DEODAS starts with collections of related protein sequences, or a protein family, each in their own FASTA format file. Related proteins can be found by starting with a base sequence and conducting a BLASTP search (see section References). The BLASTP search compares the base sequence with proteins sequences reverse translated from nucleic acid databases (see section References). Due to automated sequencing the number of nucleic acid sequences far exceeds the number of directly sequenced proteins. More than one FASTA file and protein family can be processed at once but they will receive the same settings (seen later). Make sure all protein sequences for a family are in a FASTA format file together (see section Tutorial). All FASTA files to be processed are placed in a single directory.
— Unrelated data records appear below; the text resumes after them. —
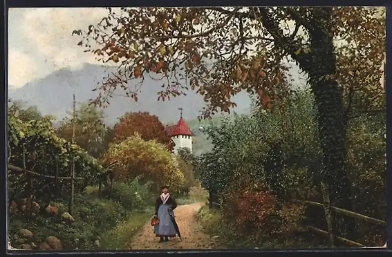 Künstler-AK Obermais bei Meran, Frau in Tracht auf dem Weg in den Ort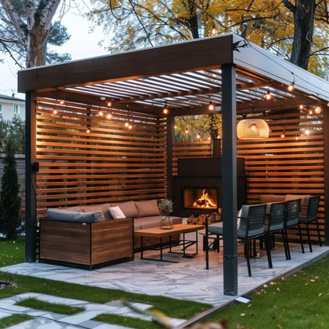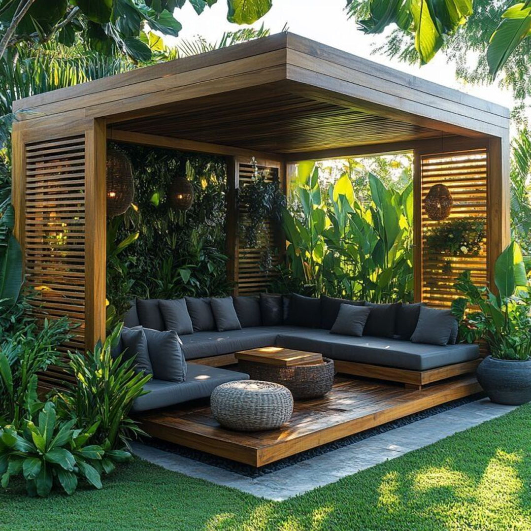 - Gazebo – a raised structure with a closed roof and optional low walls or railing, ideal for shaded seating.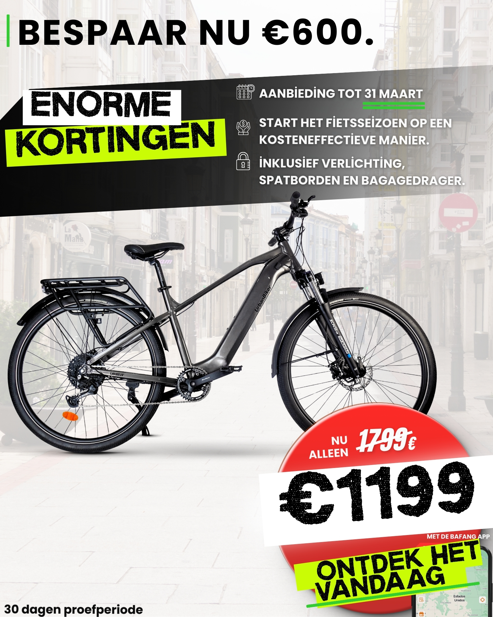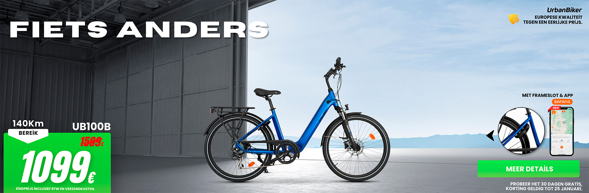 - U heeft 30 dagen de tijd om de fiets uit te proberen (met minder dan 10 km gebruik) en uw aankoop te evalueren.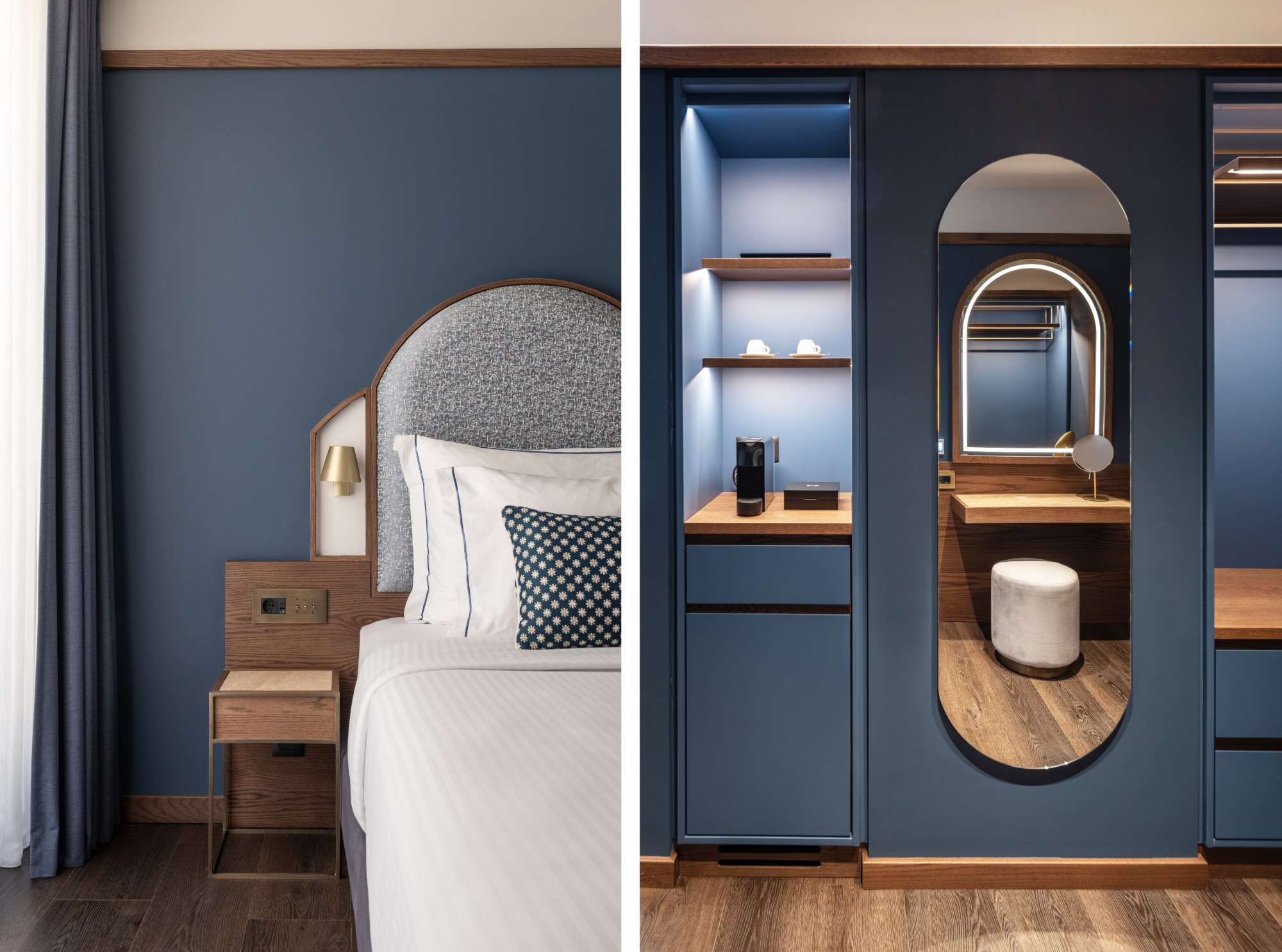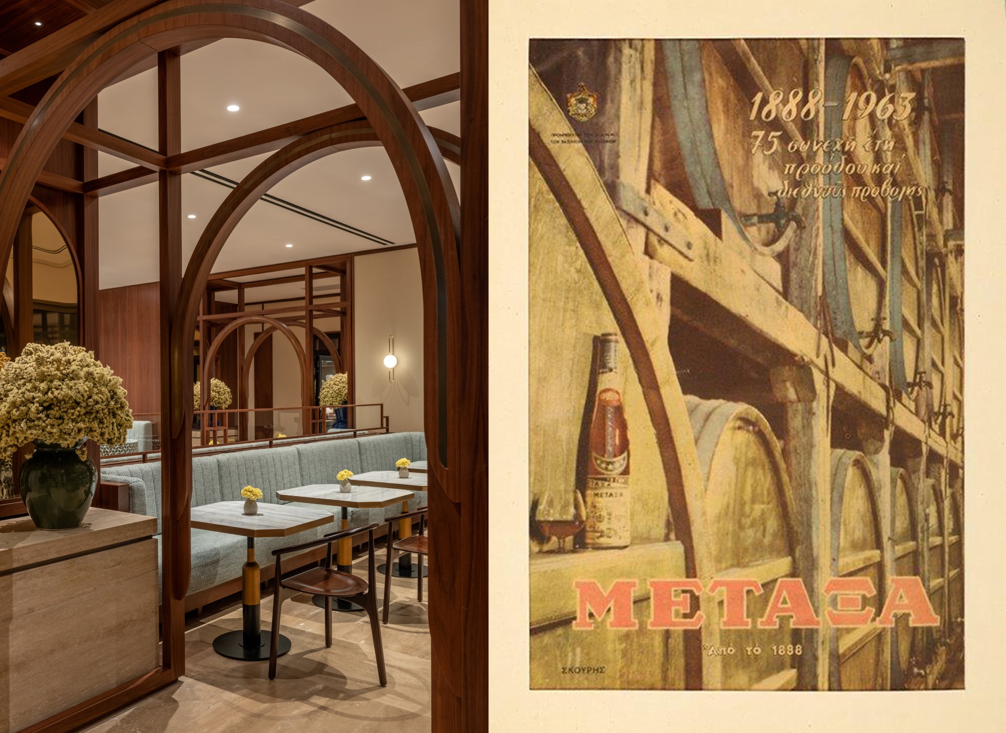 The color palette is inspired by the sea, the light, and the amber tones of Metaxa. Works by contemporary Greek artists enrich the interiors, offering a unique experience that blends history, art, and hospitality.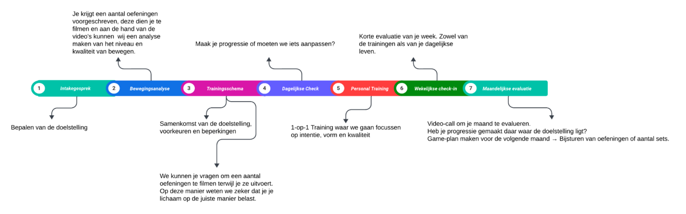 - Intakegesprek/Bewegingsanalyse = Niveaubepaling (Is deze oefening volledig nieuw voor jou? Dan beginnen we met de basis, we focussen op techniek en zorgen dat je technisch sterk in je schoenen staat.)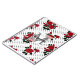 Rosas vermelhas em fundo branco com bolinhas pretas.

BLASTP search results are the recommended input for DEODAS. DEODAS has been extensively tested with BLASTP protein input. In these file the second sequence is the closest relative to the top sequence and they diverge as the sequences go down the file. If the sequences are entered in random order in the input file the splittree
program may not group subfamilies correctly if close relatives are far apart in the FASTA file but this has not been well tested.
A file extension changing utility program, extension.py
is included with DEODAS. It changes all file extension in a directory to another. It runs with arguments extension.py
file-extension-from file-extension-to. For example if there are several `*.fas' file in a directory run the command extension.py fas fasta
. The extension.py
command also runs interactively. Run extension.py
and enter the file extensions at the command prompts.
The DEODAS interface program deodas.py
selects a directory to run the designer process, deodasdesigner.py
on. Every `*.fasta' file is operated on by deodasdesigner.py
, other file extensions are not recognized even if it is a FASTA file. The deodasdesigner.py
runs as a separate process because the design and analysis process can take over a day if many sequences are involved. The interface deodas.py
can be turned off once a design process is started or can be used to start a new process in another directory.
See figure 1 next page, DEODAS main interface.
deodas.py
Settings for DEODAS include, the Codon usage table tool bar item, seen on the interface. The codon usage table is used by codehop
to back-translate amino-acid sequences into nucleic-acid sequences (see section References). Codon usage tables are kept in $BLIMPS_DIR
`/docs'. Additional codon usage tables are available from
http://blocks.fhcrc.org/blocks/help/CODEHOP/codon.html.
The Maximum subfamily dissimilarity range is used to divide the the FASTA protein family files into sub-families based on their dissimilarity. A family tree of each protein family is create by clustalw
and splittree
reads the tree and looks for sections branching above the dissimilarity set in deodas.py
. Branches of the tree exceeding the dissimilarity setting are broken off into sub-families. A new FASTA file is written for each subfamily with the name original-base-file-name.sub-number.fasta
. For example `uspA.fasta' could split into `uspA.1.fasta' and `uspA.2.fasta'. The subfamily splitting is needed because if the sequences in the original `*.fasta' file are too diverse no oligonucleotides can be produced. It may be necessary to try designing oligonuceotides for a family with a few different dissimilarity values.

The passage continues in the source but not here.